What the task requires — Span requested from the data below: the line with "但很快这些困扰都一一有了解答" through the line with "Entre le très", both included. Give only these lines again, exactly, and leave every picture out.

Input data —

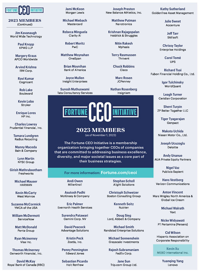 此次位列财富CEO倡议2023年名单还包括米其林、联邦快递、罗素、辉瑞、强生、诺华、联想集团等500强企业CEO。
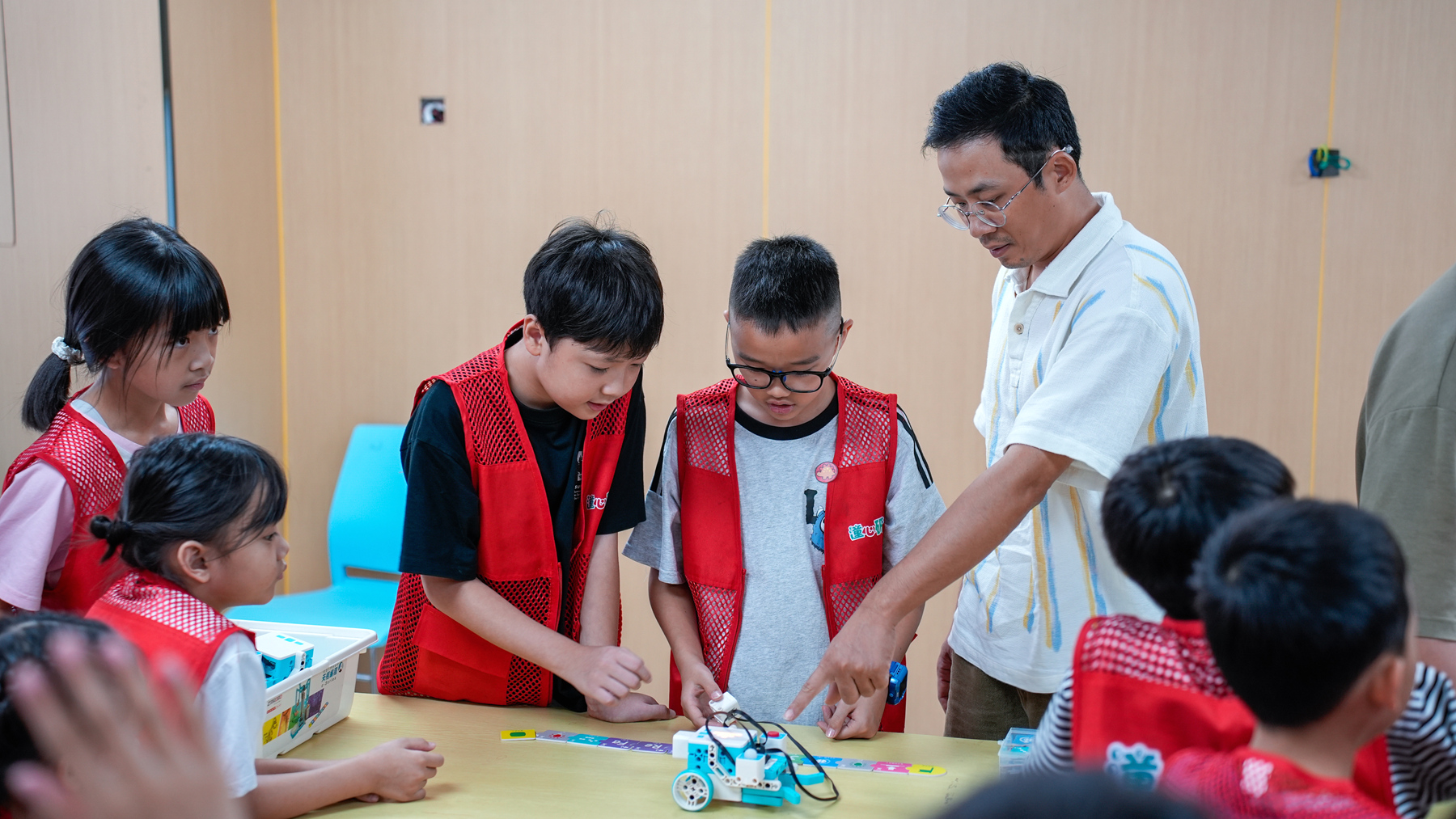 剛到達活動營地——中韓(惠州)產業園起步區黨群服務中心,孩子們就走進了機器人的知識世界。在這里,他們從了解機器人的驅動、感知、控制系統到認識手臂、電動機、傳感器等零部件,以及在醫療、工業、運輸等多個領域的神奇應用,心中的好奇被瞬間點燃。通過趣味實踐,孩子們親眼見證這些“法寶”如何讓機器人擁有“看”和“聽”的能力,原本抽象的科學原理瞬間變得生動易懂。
--
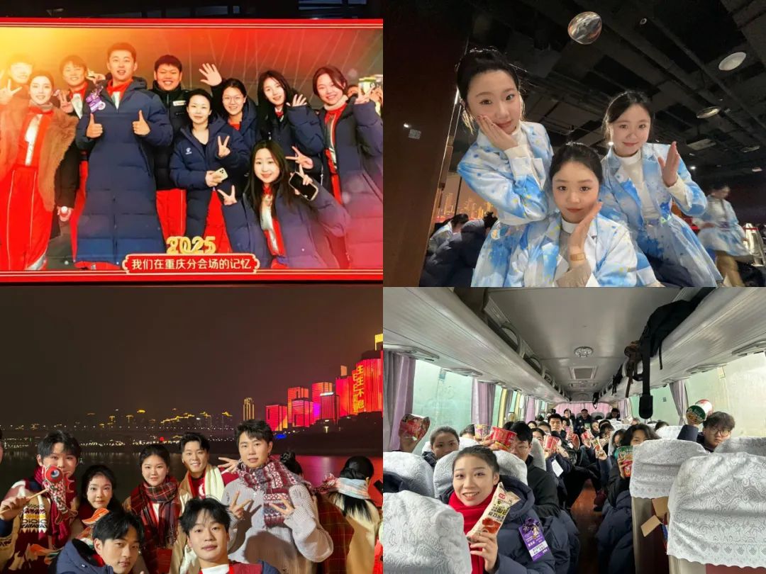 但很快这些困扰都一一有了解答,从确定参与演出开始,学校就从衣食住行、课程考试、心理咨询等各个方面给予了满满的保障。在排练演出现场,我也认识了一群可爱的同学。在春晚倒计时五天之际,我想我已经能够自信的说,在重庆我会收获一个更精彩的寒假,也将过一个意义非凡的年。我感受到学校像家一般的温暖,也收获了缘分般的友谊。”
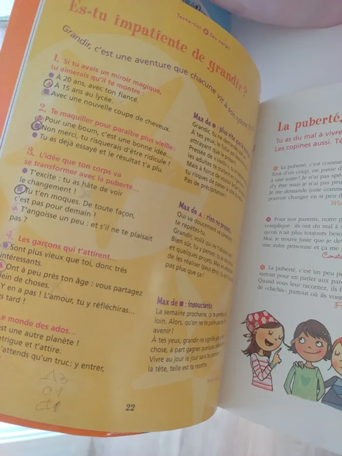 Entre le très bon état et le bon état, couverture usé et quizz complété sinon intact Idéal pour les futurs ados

Your solution —
 但很快这些困扰都一一有了解答,从确定参与演出开始,学校就从衣食住行、课程考试、心理咨询等各个方面给予了满满的保障。在排练演出现场,我也认识了一群可爱的同学。在春晚倒计时五天之际,我想我已经能够自信的说,在重庆我会收获一个更精彩的寒假,也将过一个意义非凡的年。我感受到学校像家一般的温暖,也收获了缘分般的友谊。”
 Entre le très bon état et le bon état, couverture usé et quizz complété sinon intact Idéal pour les futurs ados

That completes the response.